Even before any data have been collected in preparation for the determination of a crystal structure, a great deal is known about certain details. It is known that the crystal is composed of atoms of certain elements that are present in certain proportions. It is known that pairs of atoms of various elements cannot be less than a certain distance apart, and, further, that adjacent atoms tend to be separated by distances that fall within a rather narrow range. It is known that thermal vibration amplitudes are likely to be larger in directions normal to interatomic vectors than parallel to them, although, particularly in the case of hydrogen bonds, there may be an apparent amplitude parallel to a vector because of atomic disorder. Even when there is a particularly unusual feature in a structure, most of the structure will conform to commonly observed patterns. Thus, if a refined crystal structure overall has reasonable features, such as interatomic distances that are appropriate to oxidation state and coordination number and displacement ellipsoids that make sense, one or two unusual features may be accepted with confidence.
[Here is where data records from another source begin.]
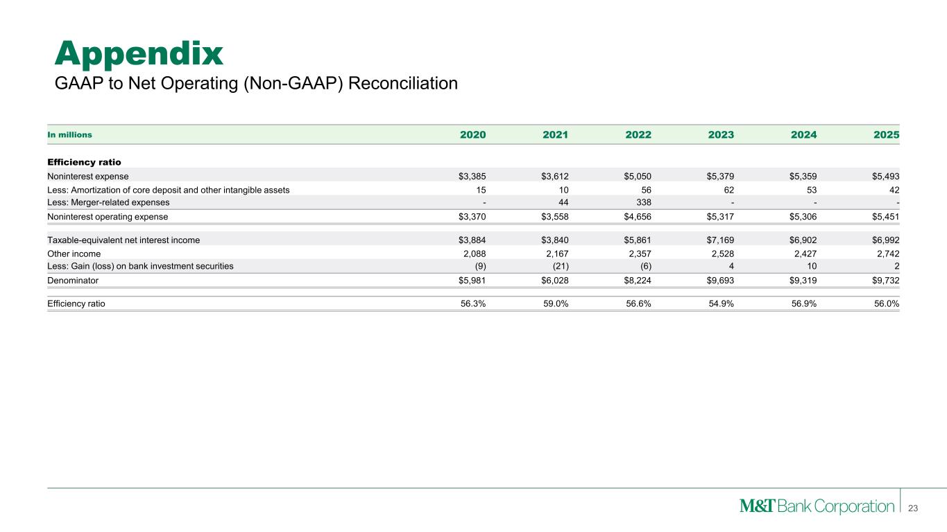 Appendix Note: M&T consistently provides supplemental reporting of its results on a “net operating” or “tangible” basis, from which M&T excludes the after-tax effect of amortization of core deposit and other intangible assets (and the related goodwill, core deposit and other intangible asset balances, net of applicable deferred tax amounts) and gains (when realized) and expenses (when incurred) associated with merging acquired operations into M&T, since such items are considered by management to be “nonoperating” in nature. Although “net operating income” as defined by M&T is not a GAAP measure, M&T’s management believes that this information helps investors understand the effect of acquisition activity in reported results. (1) After any related tax effect 22 GAAP to Net Operating (Non-GAAP) Reconciliation In millions 2020 2021 2022 2023 2024 2025 Net income Net income - GAAP $1,353 $1,859 $1,992 $2,741 $2,588 $2,851 Amortization of core deposit and other intangible assets (1) 11 8 43 48 42 32 Merger-related expenses (1) - 34 431 - - - Net operating income 1,364 1,900 2,466 2,789 2,630 2,883 Preferred stock dividends (68) (73) (97) (100) (134) (146) Net operating income available to common equity $1,296 $1,827 $2,369 $2,689 $2,496 $2,737
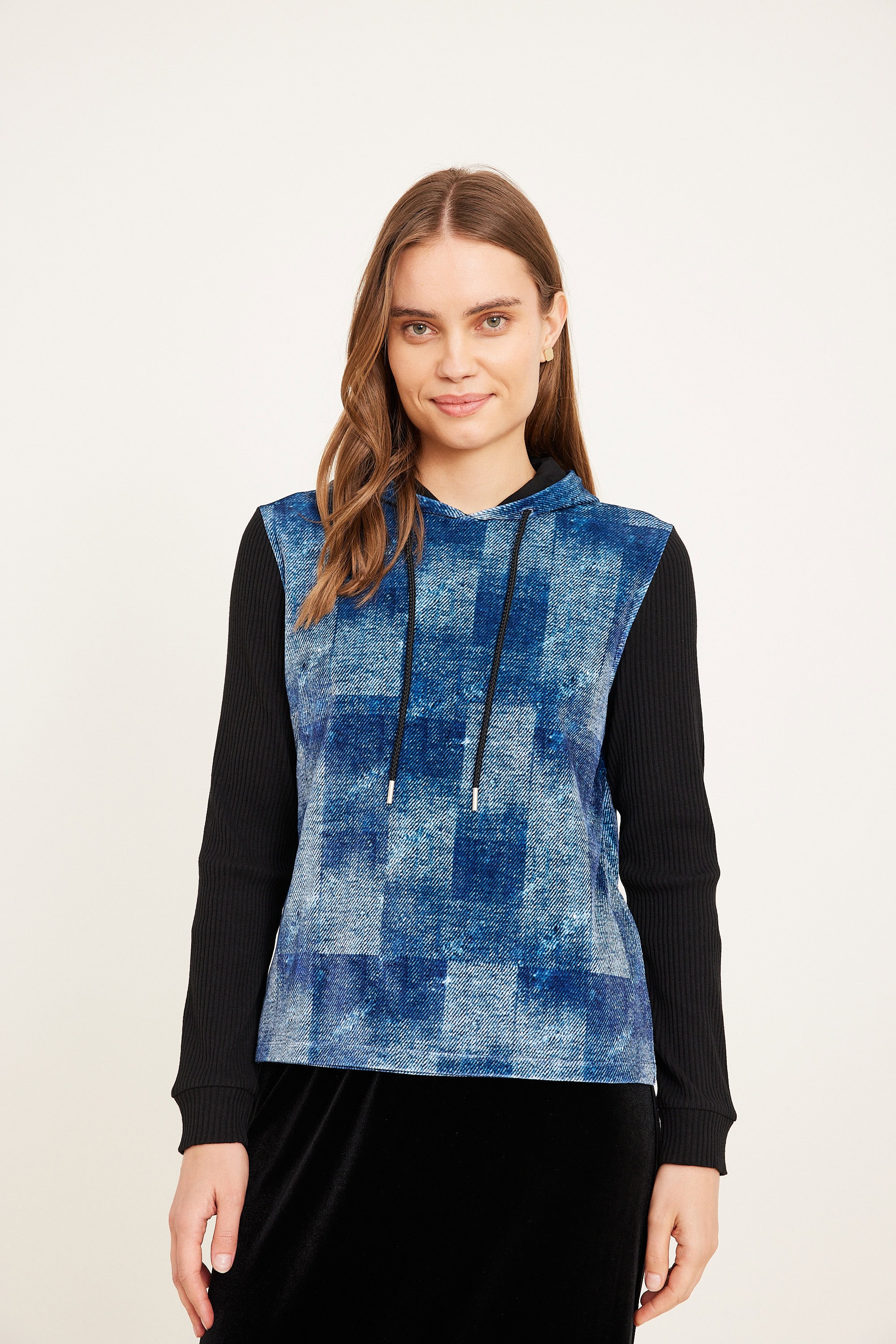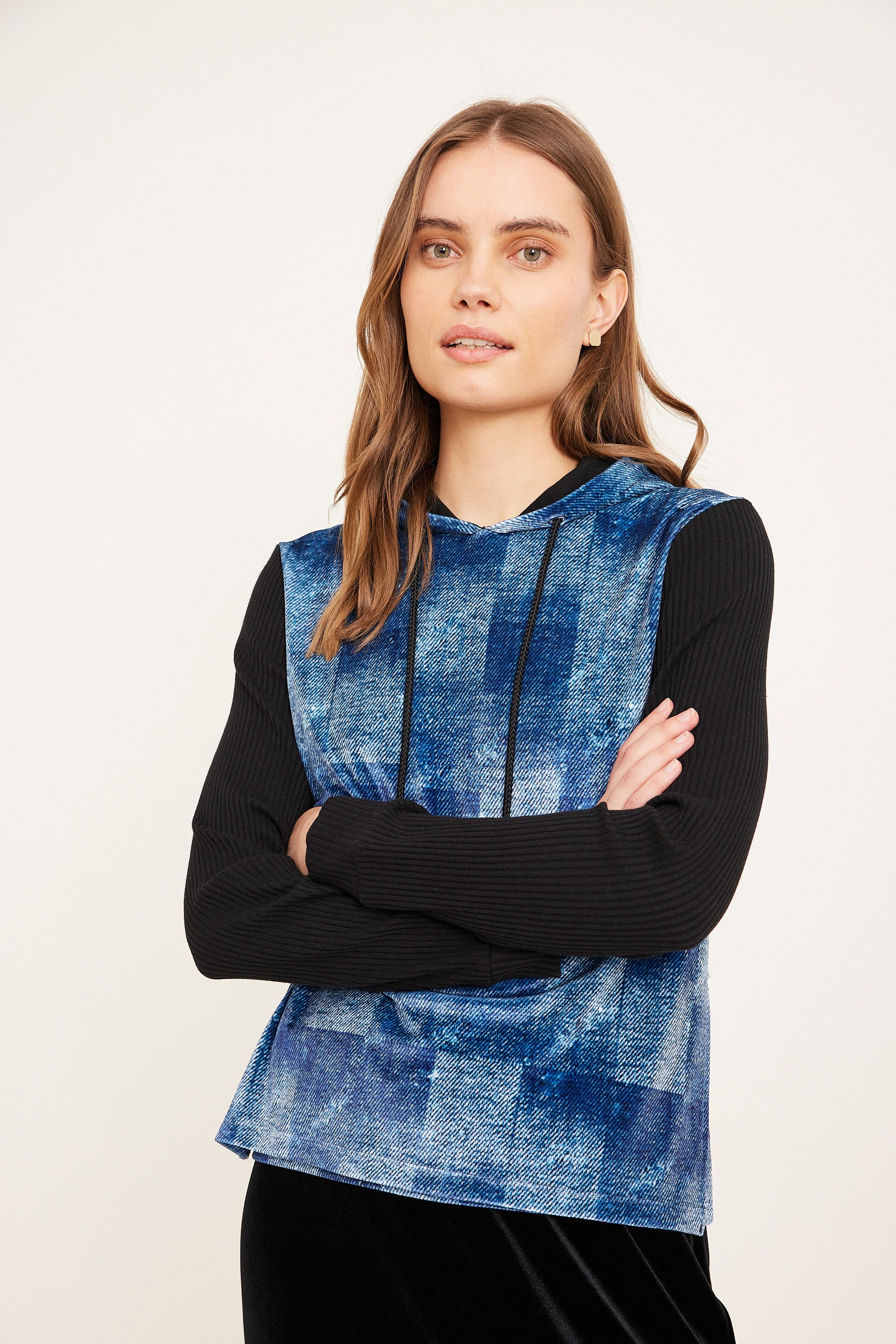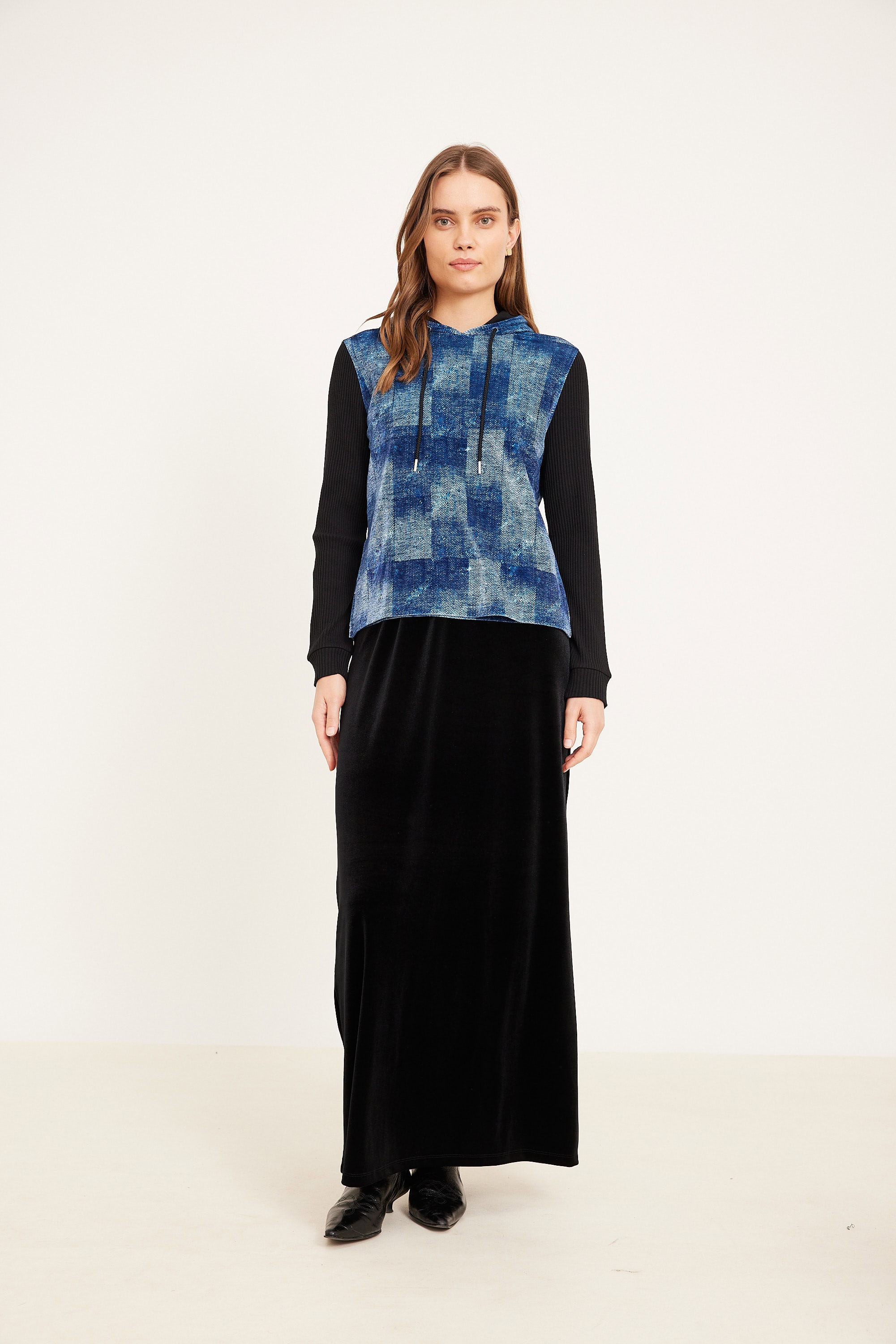 חולצת הנקה עם קפוצ’ון בד קטיפה שרוולי ריבס
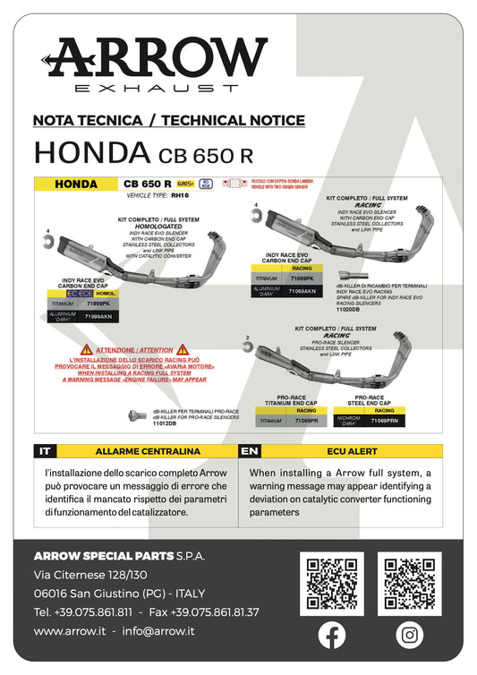 Arrow Full Exhaust System With Indy Race EVO Titanium Silencer Honda CB 650 R 2024-2026
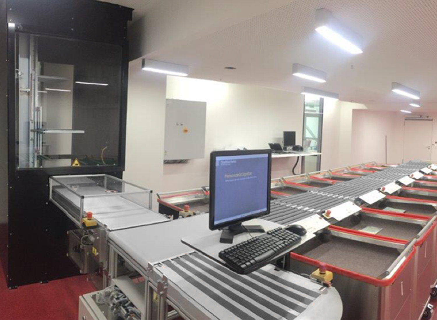 In August 2017, the Central Library installed a new complex solution for materials return, transportation and sorting. It consists of two return points with 2-way sorting on the ground floor and a sorting system in the basement with 16 bins. An elevator lift seamlessly connects the two floors. One of the two return points is located in the foyer, which, thanks to electronic access control, can be accessed from 6 am to midnight, regardless of the opening hours. The other return is inside the library.
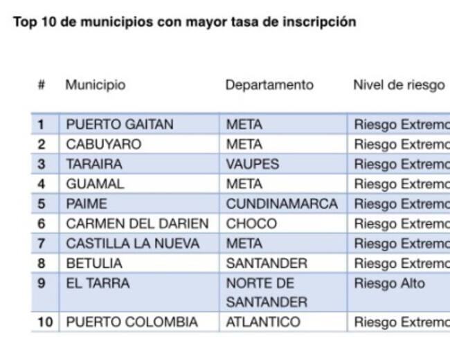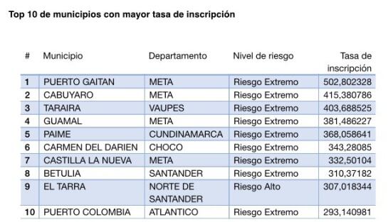 Municipios críticos en la variable de inscripción de cédulas, el top cinco de municipios con mayor tasa de inscripción de cédulas es: Puerto Gaitán con 502,80 inscritos por cada mil habitantes encabezando la lista, seguido de Cabuyaro con 415, 38 en el departamento del Meta; Taraira, con 403.68 (Vaupés), Guamal 381.48 (Meta) y Paime 368,05 (Cundinamarca), mientras que el promedio nacional es de 98,31 inscritos por cada mil habitantes. Es decir que estos municipios triplican la tasa nacional y en el caso de Puerto Gaitán la tendencia es mucho más crítica.
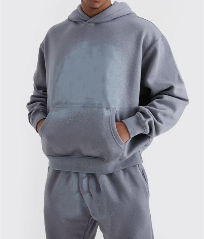 ชุดวอร์มกีฬาแบบมีฮู้ดและกางเกงขายาว ดีไซน์เรียบง่าย ล้างสีแบบแอซิดวอช ผลิตจากโพลีเอสเตอร์ ขายส่งสำหรับทุกเพศ
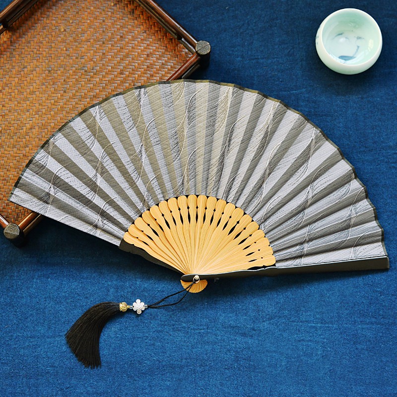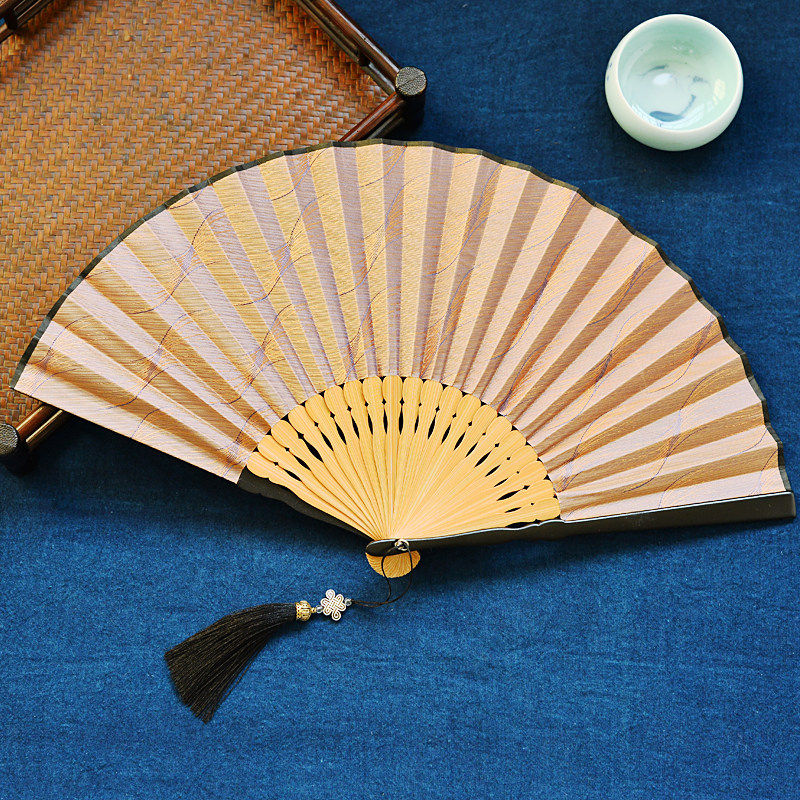 Chinese style ancient style folding fan men and women portable summer solid color texture Japanese Hanfu cheongsam catwalk portable dance
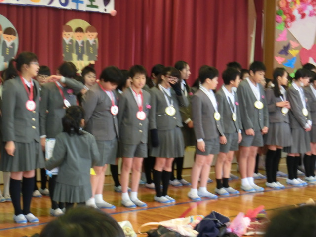 全校で元気よく校歌を歌った後、読書感想文の表彰をしました。
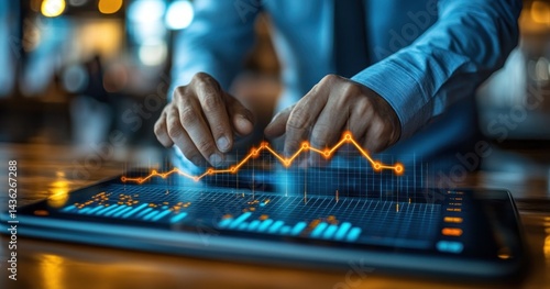 businessperson, financial, datum, tablet, digital, interface, analysis, graph, chart, trend, investment, strategy, market, growth, decayed, performance, indicator, number, figure, technology, progress, upward, downward, screen, hand, touch, interact, information, display, projection, result, planning, decision, business, future, economy, statistic
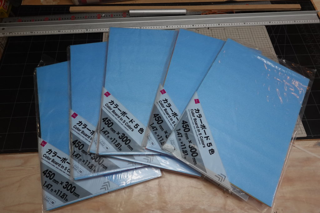 ダイソーのカラーボード2㎜(300㎜×400㎜5色セットで110円)。何より優れているのは軽さ。比重は画材店などで売られているスチレンペーパーの半分くらいしかなく、面積当たりの重さならちょっと厚手のコピー紙程度しかない。これは我が家では何十セットかストックしてある物を使う。実物のボディチューブはアビオ部:グラスFRP、タンクやエンジン部:カーボンFRPを予定しているので、それぞれ白のスチレンボードと黒のスチレンボードを使うことにする。

On the other hand, if there is wide variation in the lengths of chemically similar bonds, or if the eigenvectors of the thermal motion tensors point in odd directions relative to the interatomic vectors, there must be a presumption that systematic errors have been compensated for by biased estimates of parameters.

A particular problem arises when there is a question of the presence or absence of symmetry, such as a choice between two space groups, one of which possesses a centre of symmetry or a mirror plane, or a case where a symmetric molecule occupies a position whose environment has a less-symmetric point group. If symmetry constraints are relaxed, the model can always be refined to a lower sum of squared residuals. (For a discussion of numerical problems that occur in the vicinity of a symmetric configuration, see Section 8.1.3 .) The problem comes from the fact that the removal of the symmetry element almost always introduces too many additional parameters. Statistical tests are then quite likely to indicate that the lower-symmetry model gives a significantly better fit, but consideration of internal consistency and chemical or physical plausibility is likely to suggest that much systematic error has been absorbed by the additional parameters. The proper procedure is to devise a model with noncrystallographic constraints (see Section 8.3.2 ) that expresses what is, for chemical or physical reasons, known or probable. To do so may require great patience and perseverance.